# 'K' Puppy Name ideas



## gracierose (Mar 19, 2011)

We are very excited to be adding a female puppy to our family next month. We are trying to think of names and since there are so many creative people here I was hoping you could share some ideas for a female name that starts with a 'K'. This is a 'k' litter from the breeder and although we can give her whatever call name we want, I think it would be nice to also come up with her 'k' name. My husband & I like names that are a little different. To give you an idea our daughter's name is Raine and our son's is Kazin. All ideas are welcome & very much appreciated!


----------



## Lmilr (Jan 12, 2011)

Killarney maybe? 
I know it's Irish and not German but sounds cool to me.


----------



## selzer (May 7, 2005)

I am glad yours is female, my next boy is going to be Kojak. I like Kira for a girl. pronounced with a long I sound.


----------



## Marytess (Oct 25, 2010)

Kensi
Kacie
Kalani
Kami
Kimba
Kapri
Kailani
Kalliope (Kallie for short)
Kamilah
Kale
Kansas
Karleigh
Karrington
Karsey
Kassandra
Kayci
Kazia
Kenley

well that's for now


----------



## koda00 (Apr 27, 2009)

Keene


----------



## Stosh (Jun 26, 2010)

Kaese - pronounced Casey.


----------



## WarrantsWifey (Dec 18, 2010)

I like....

KENIA (Like Ken-E-Uh)

AND

KAIYA (Like Kai-Yah)


----------



## LaRen616 (Mar 4, 2010)

Kina

Kitana

Kenya

Kenzie

Kaden

Keiko

Kori

Kahlua


----------



## doggiedad (Dec 2, 2007)

Koop, Koopa, Kacey, K, Ket, Kitt, Ki ( sounds like sky),
Kay.


----------



## doggiedad (Dec 2, 2007)

i like Kensi.



Marytess said:


> Kensi
> Kacie
> Kalani
> Kami
> ...


----------



## LaRen616 (Mar 4, 2010)

Kinsey


----------



## middleofnowhere (Dec 20, 2000)

Kash
Krash
Kardiac
Kamiah (town in Idaho)
Karson
Kindred
Kola
Kassibar


----------



## jgould91 (Feb 19, 2011)

Koda


----------



## jprice103 (Feb 16, 2011)

I like Kensi and I also like the names Kendra and Kali!


----------



## gracierose (Mar 19, 2011)

*Thank you!*

Wow, thank you for all the wonderful suggestions!

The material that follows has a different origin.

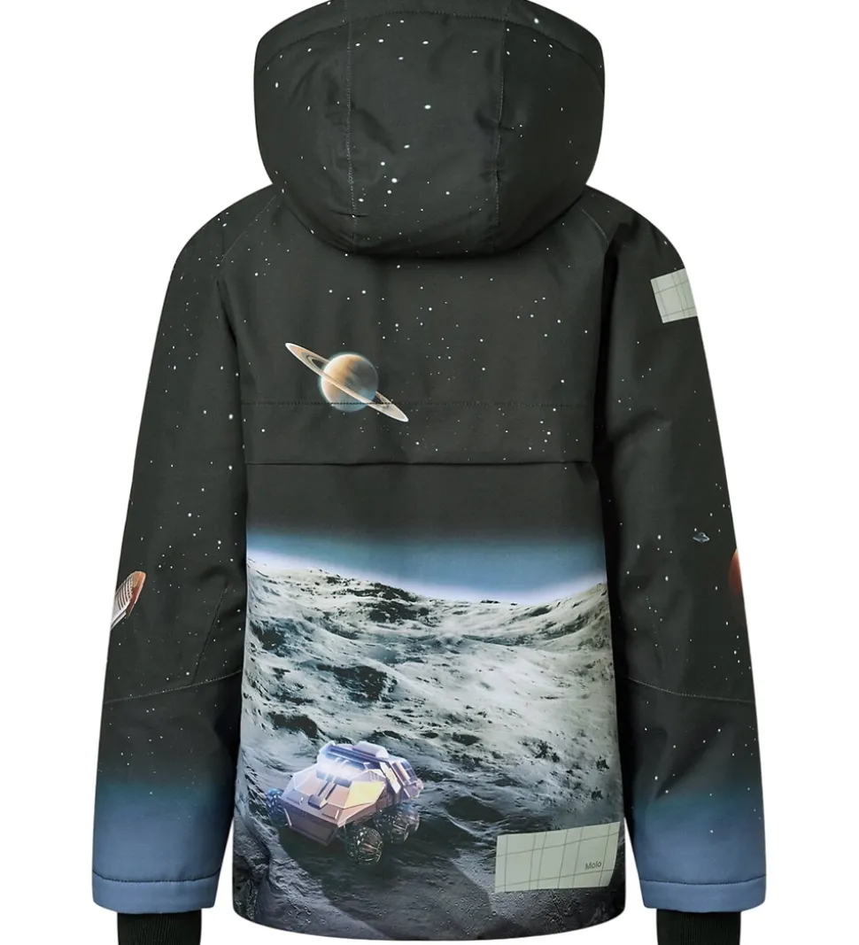 Flot Molo vinterjakke med fantastisk motiv af en astronaut på månen. Vinterjakken har en gummi-logoapplikation på venstre bryst samt logoreflekser og reflekspipings.

In a couple weeks we will get to pick out our little one & then we can see which name fits her. If anyone has more ideas keep them coming


----------



## GSDElsa (Jul 22, 2009)

What breeder is it?


----------



## onyx'girl (May 18, 2007)

I like Kingston...male or female it is a strong call name and a worthy registered name.


----------



## gracierose (Mar 19, 2011)

The breeder is Schraderhaus K9 in Western Washington. We are picking a puppy from the Lobo & Helga litter. We are bringing her home on May 18th. Yea!


----------



## holland (Jan 11, 2009)

K (as a name)
Kotter
Krammer
Krash


----------



## holland (Jan 11, 2009)

and Karsh after the photographer-you can google him


----------



## robinhuerta (Apr 21, 2007)

How about *KORVETTE*.....


----------



## BRITTani (Feb 10, 2011)

Korinna?


----------



## kess&ellie (Jan 14, 2008)

Kessler, or Kess for short!


----------



## Zisso (Mar 20, 2009)

Karma
Kelsey
Kandy
Karly
Keisha
Karmen
Kelly
Kookie (like a cookie, but with a K)
Kisah
(you have to know I am making some of these up-like Kisah -promounced like Keesah)


----------



## NewbieShepherdGirl (Jan 7, 2011)

Karina
Katia
Klara
Kseniya


----------



## gracierose (Mar 19, 2011)

Again, thank you all for the great ideas and I hope that others find it helpful too! We went this weekend and picked out our little girl and decided to name her Kahlua:wub: Not sure what nicknames she will have (I'm sure a ton!) but that will be her registered name, Kahlua von Schraderhaus.


----------



## wolfstraum (May 2, 2003)

Kougar
Kairo
Kali
Kalypso
Kandy
Karma
Kassy
Kessy
Kasey
Katya
Koncho

******

Lee


----------



## LaRen616 (Mar 4, 2010)

gracierose said:


> Again, thank you all for the great ideas and I hope that others find it helpful too! We went this weekend and picked out our little girl and decided to name her Kahlua:wub: Not sure what nicknames she will have (I'm sure a ton!) but that will be her registered name, Kahlua von Schraderhaus.


Congrats! 

I used to have a Kahlua! 

We call her Lua for short.


----------



## kidkhmer (Jul 14, 2010)

Zisso said:


> *
> Karma - SORRY THIS NAME TAKEN*
> Kelsey
> Kandy
> ...


..rrr


----------



## momtoshadow (Jan 17, 2011)

I love the name Kahlua! Good luck with her!


----------